ABOUT THIS EXERCISE:
What is needed is an exact copy of every entry, without the pictures.

PROVIDED RECORDS:

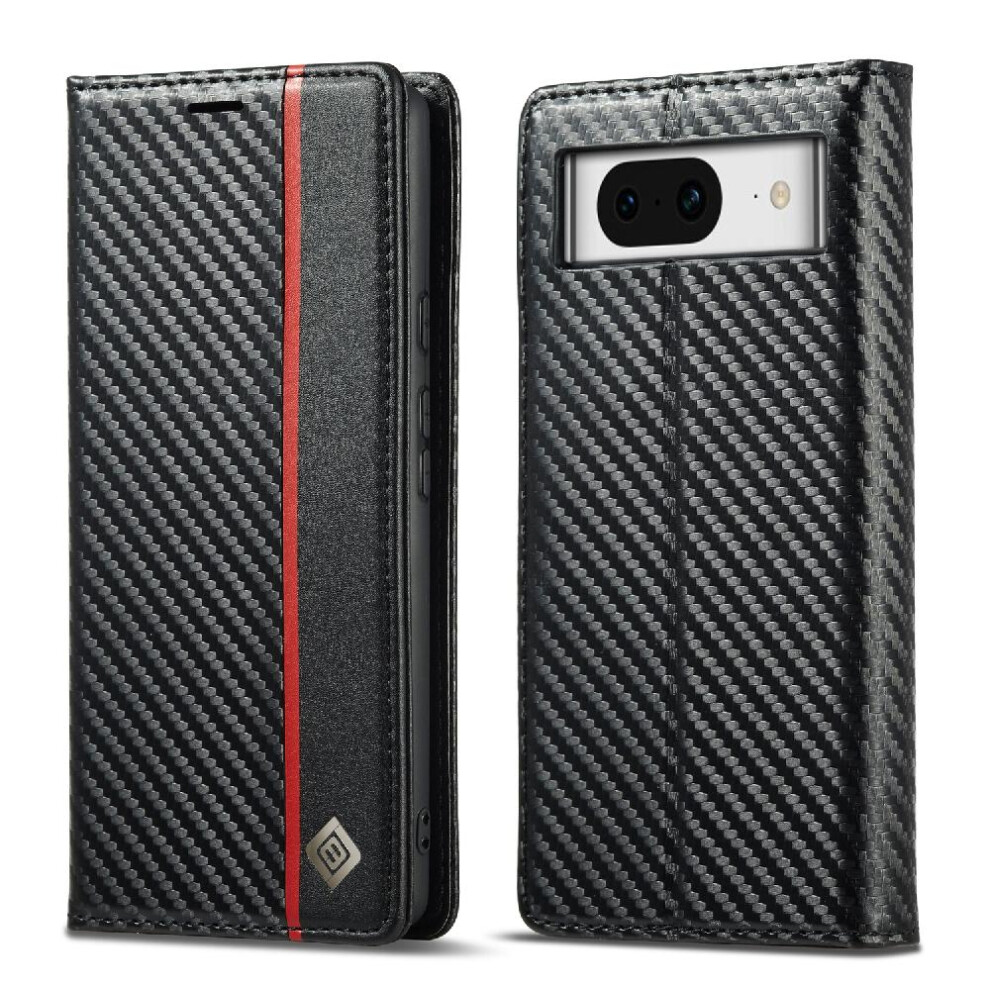 (Black) Case For Google Pixe 8 With Card Holder Kickstand Leather Folio Flip Case Card Insertion Magnetic Carbon Fiber Full Protection
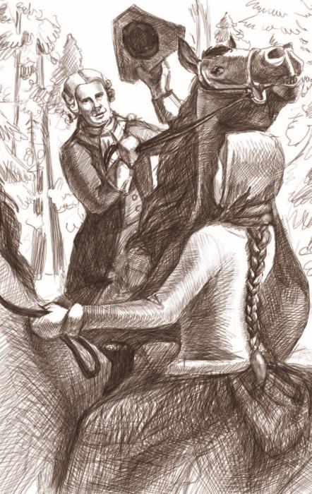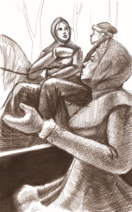 – 3-«О матушка! Там, на холме,Уж виден город с куполами.Нельзя ль заехать быстро мне,Родных наведать за стенами?Там брат мой служит в гарнизоне,Мы не видались целый год.Его я вижу – вон, в камзоле,Салют эскорту отдаёт».
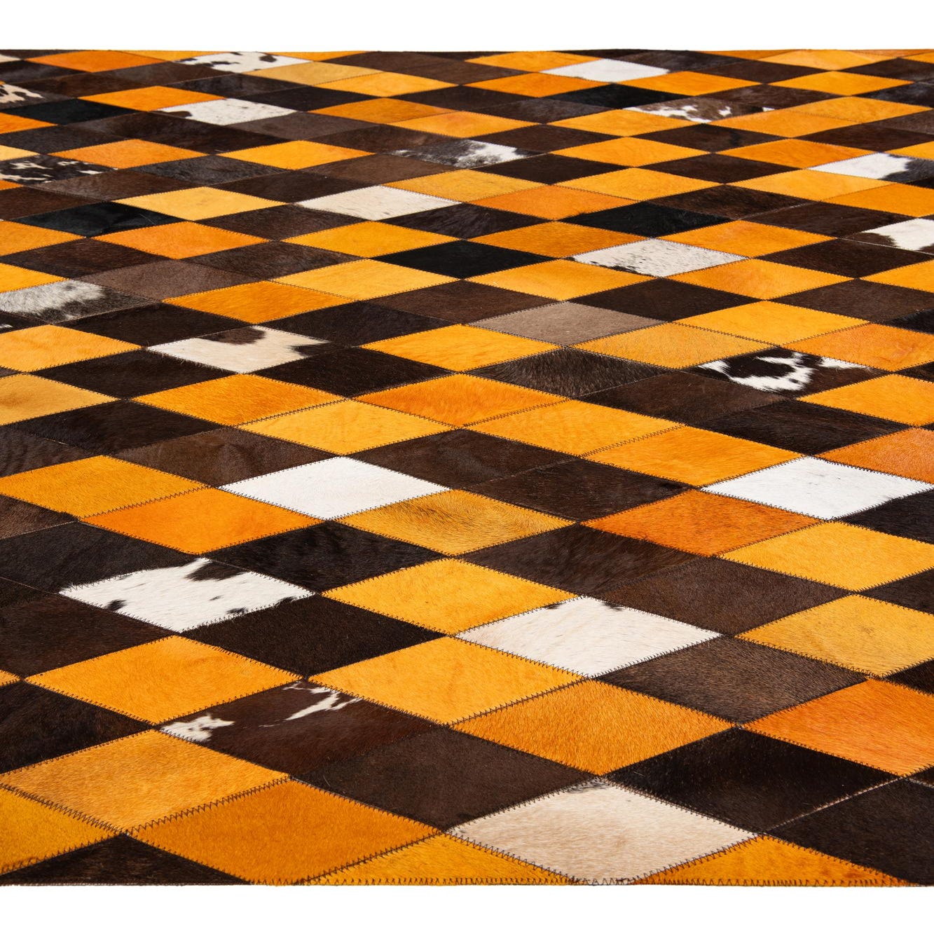 A 5x8 rectangular Cowhide Stocks rug by Rugs.com, featuring a modern diamond pattern in various shades of orange, brown, black, and white.
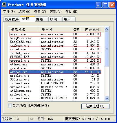 而进行扫描任务时,小红伞将又开启一个扫描进程avscan.exe,此时的系统资源占用情况相对静默状态时的资源占用明显就大多了,CPU占用在20-90%之间,内存占用也或高或低,下图所示时刻四个进程加起来的内存占用超过了50M,此时老机用户使用起来可能稍显吃力。
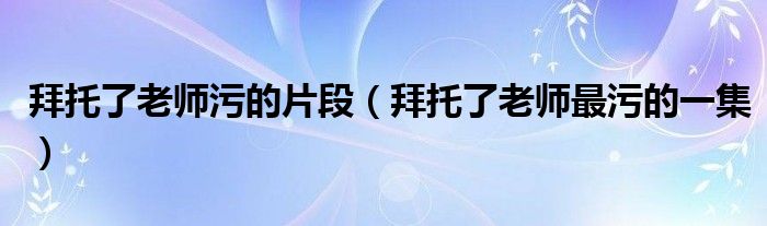 拜托了老师污的片段(拜托了老师最污的一集)
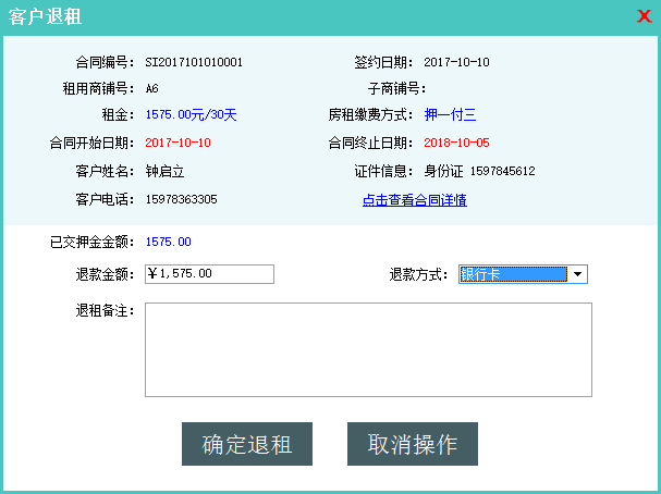 | 在主界面上面点击右键,选择"租户退租"(或者点击主界面上面的快捷按钮"客户退租")即可打开客户退租界面。客户退租界面会显示租户已交押金金额,并默认全额退款(允许手动修改)。录入退款信息和退租备注后点击确认即可完成退租过程。 |
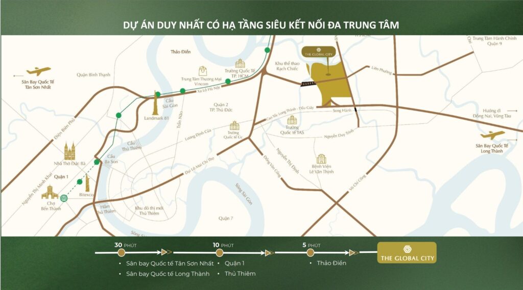 The Global City là khu trung tâm mới toạ lạc ở vị trí vàng, nhưng vẫn mang đến đầy đủ một hệ thống tiện ích theo tiêu chuẩn Quốc tế thiết kế bởi Foster & Partners.
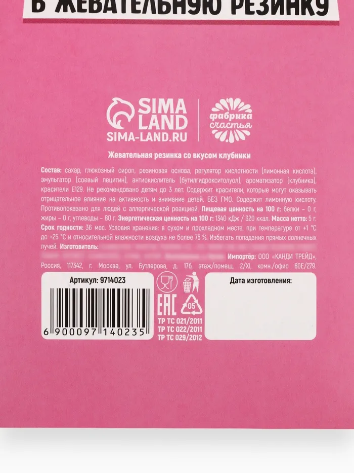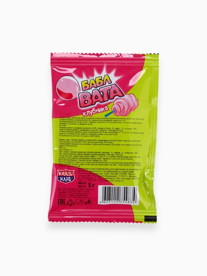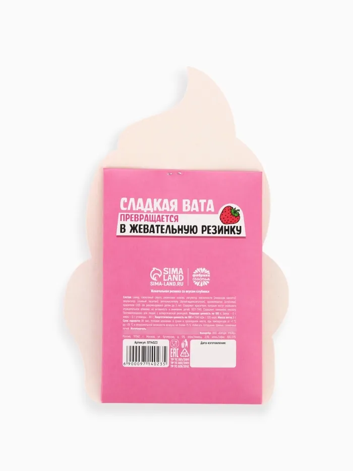 Жевательная резинка-сладкая вата «Сладость тебе в радость», вкус: клубника, 5 г. — Характеристики
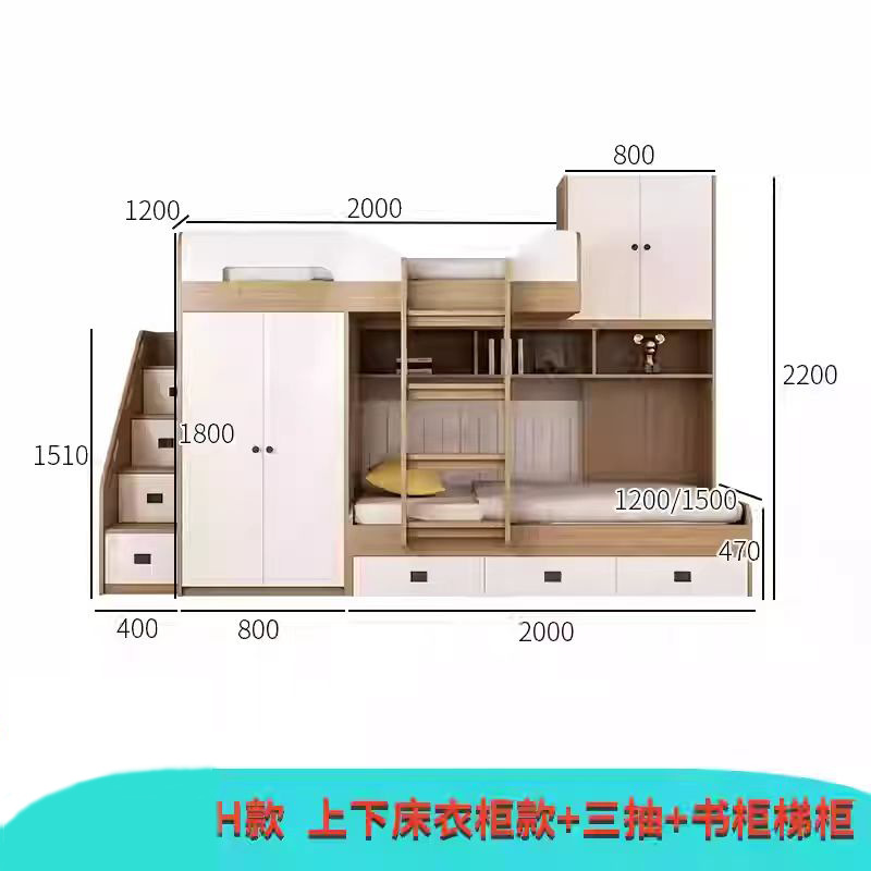 옷장 콤비네이션 침대 소형 아파트 침대 높고 낮은 침대 어린이 침대 어머니 침대
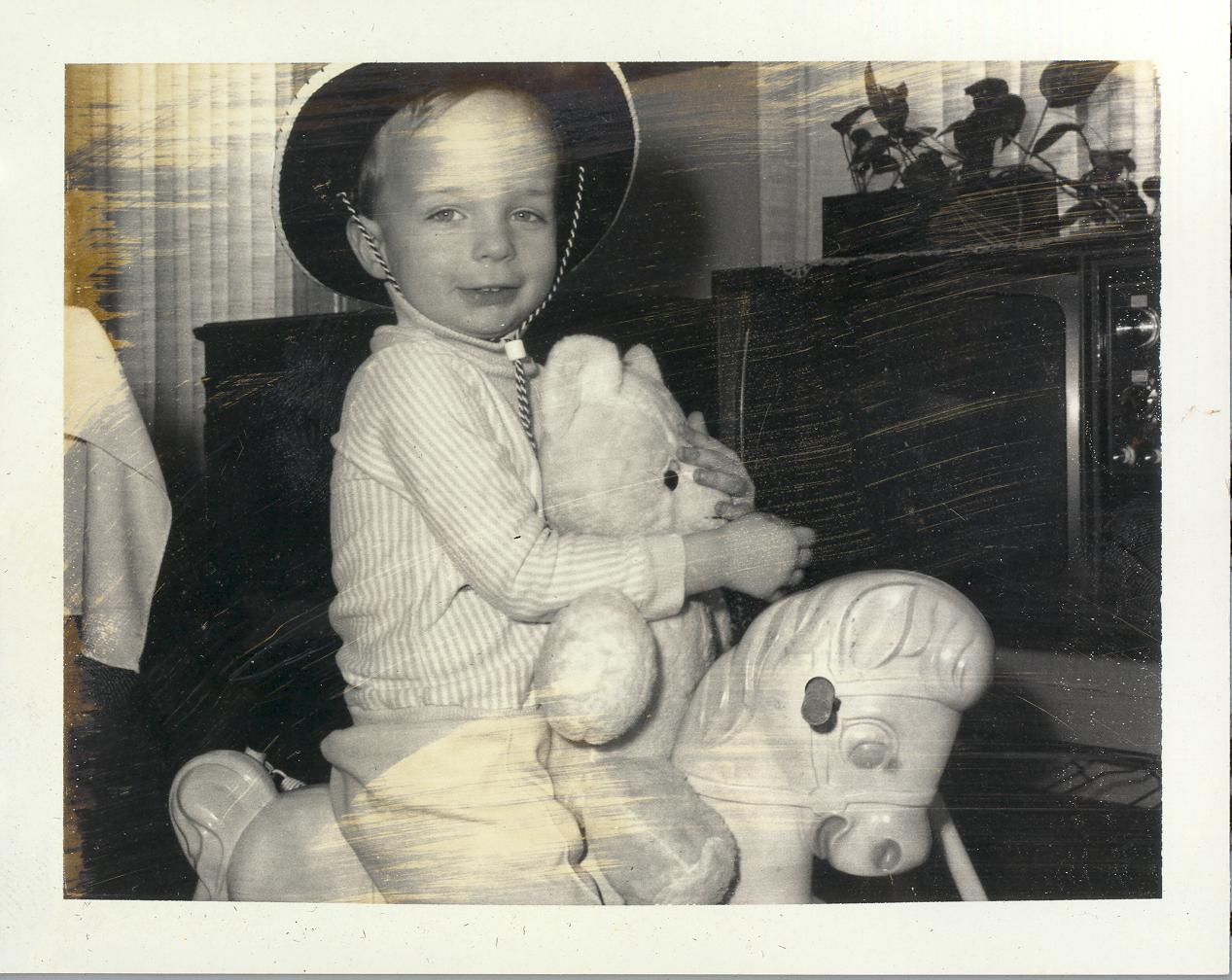 PicId: scan2243 Group: Misc Where: 798 Berkshire, Grosse Pointe, MI When: 07-01-1967 Subject(s): Michael David Hershey; Joseph Raymond Hershey Comments: now, let's see, who's turn is it to ride the horse |
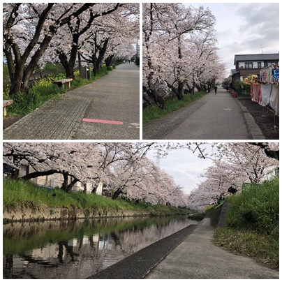 おまけに,桜並木の遊歩道の様子も。朝早くなので,屋台はまだ開いていません。土日のみ開きます。この週末は,夜のライトアップもされて,多くの人で賑わうことでしょう。
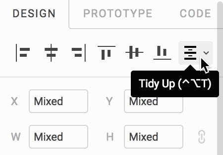 ^ + ⌥ + T(Mac)或Ctrl + Alt + Shift + T(Windows)。 c. 单击属性面板中的整理图标(位于对齐部分的最右侧):对象将在画布上重新排列,以使它们在 x 或 y 轴上等距。
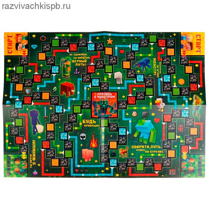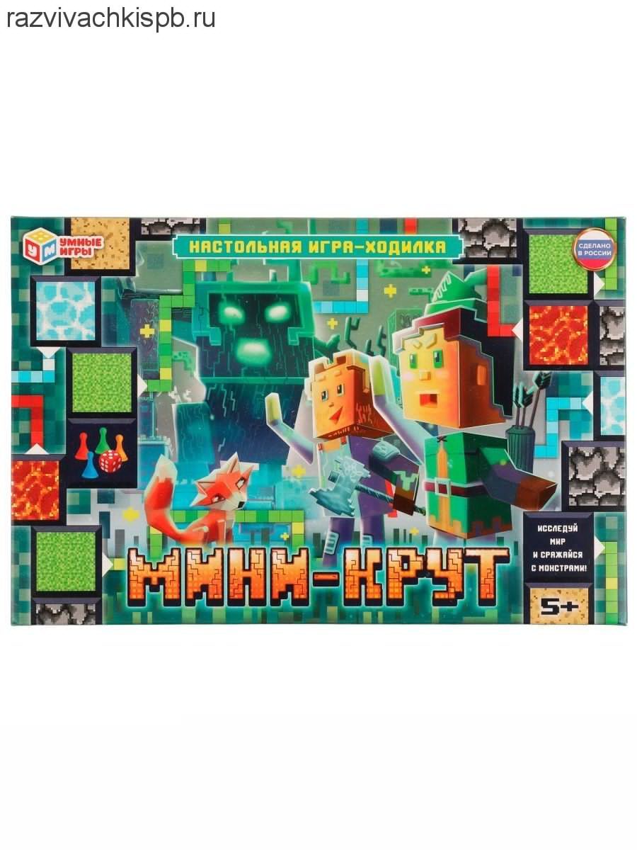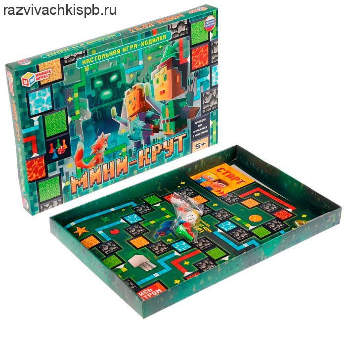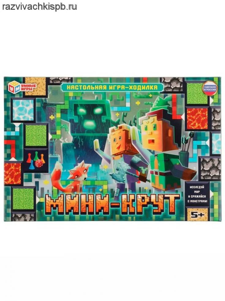 Настольная игра-ходилка "Мини-Крут" по мотивам Майнкрафт ТМ "Умные игры" - это захватывающее приключение в стилистике компьютерных игр: исследуй удивительный мир и сражайся с монстрами!

SOLUTION TO THIS PROBLEM:
 (Black) Case For Google Pixe 8 With Card Holder Kickstand Leather Folio Flip Case Card Insertion Magnetic Carbon Fiber Full Protection
 – 3-«О матушка! Там, на холме,Уж виден город с куполами.Нельзя ль заехать быстро мне,Родных наведать за стенами?Там брат мой служит в гарнизоне,Мы не видались целый год.Его я вижу – вон, в камзоле,Салют эскорту отдаёт».
 A 5x8 rectangular Cowhide Stocks rug by Rugs.com, featuring a modern diamond pattern in various shades of orange, brown, black, and white.
 而进行扫描任务时,小红伞将又开启一个扫描进程avscan.exe,此时的系统资源占用情况相对静默状态时的资源占用明显就大多了,CPU占用在20-90%之间,内存占用也或高或低,下图所示时刻四个进程加起来的内存占用超过了50M,此时老机用户使用起来可能稍显吃力。
 拜托了老师污的片段(拜托了老师最污的一集)
 | 在主界面上面点击右键,选择"租户退租"(或者点击主界面上面的快捷按钮"客户退租")即可打开客户退租界面。客户退租界面会显示租户已交押金金额,并默认全额退款(允许手动修改)。录入退款信息和退租备注后点击确认即可完成退租过程。 |
 The Global City là khu trung tâm mới toạ lạc ở vị trí vàng, nhưng vẫn mang đến đầy đủ một hệ thống tiện ích theo tiêu chuẩn Quốc tế thiết kế bởi Foster & Partners.
 Жевательная резинка-сладкая вата «Сладость тебе в радость», вкус: клубника, 5 г. — Характеристики
 옷장 콤비네이션 침대 소형 아파트 침대 높고 낮은 침대 어린이 침대 어머니 침대
 PicId: scan2243 Group: Misc Where: 798 Berkshire, Grosse Pointe, MI When: 07-01-1967 Subject(s): Michael David Hershey; Joseph Raymond Hershey Comments: now, let's see, who's turn is it to ride the horse |
 おまけに,桜並木の遊歩道の様子も。朝早くなので,屋台はまだ開いていません。土日のみ開きます。この週末は,夜のライトアップもされて,多くの人で賑わうことでしょう。
 ^ + ⌥ + T(Mac)或Ctrl + Alt + Shift + T(Windows)。 c. 单击属性面板中的整理图标(位于对齐部分的最右侧):对象将在画布上重新排列,以使它们在 x 或 y 轴上等距。
 Настольная игра-ходилка "Мини-Крут" по мотивам Майнкрафт ТМ "Умные игры" - это захватывающее приключение в стилистике компьютерных игр: исследуй удивительный мир и сражайся с монстрами!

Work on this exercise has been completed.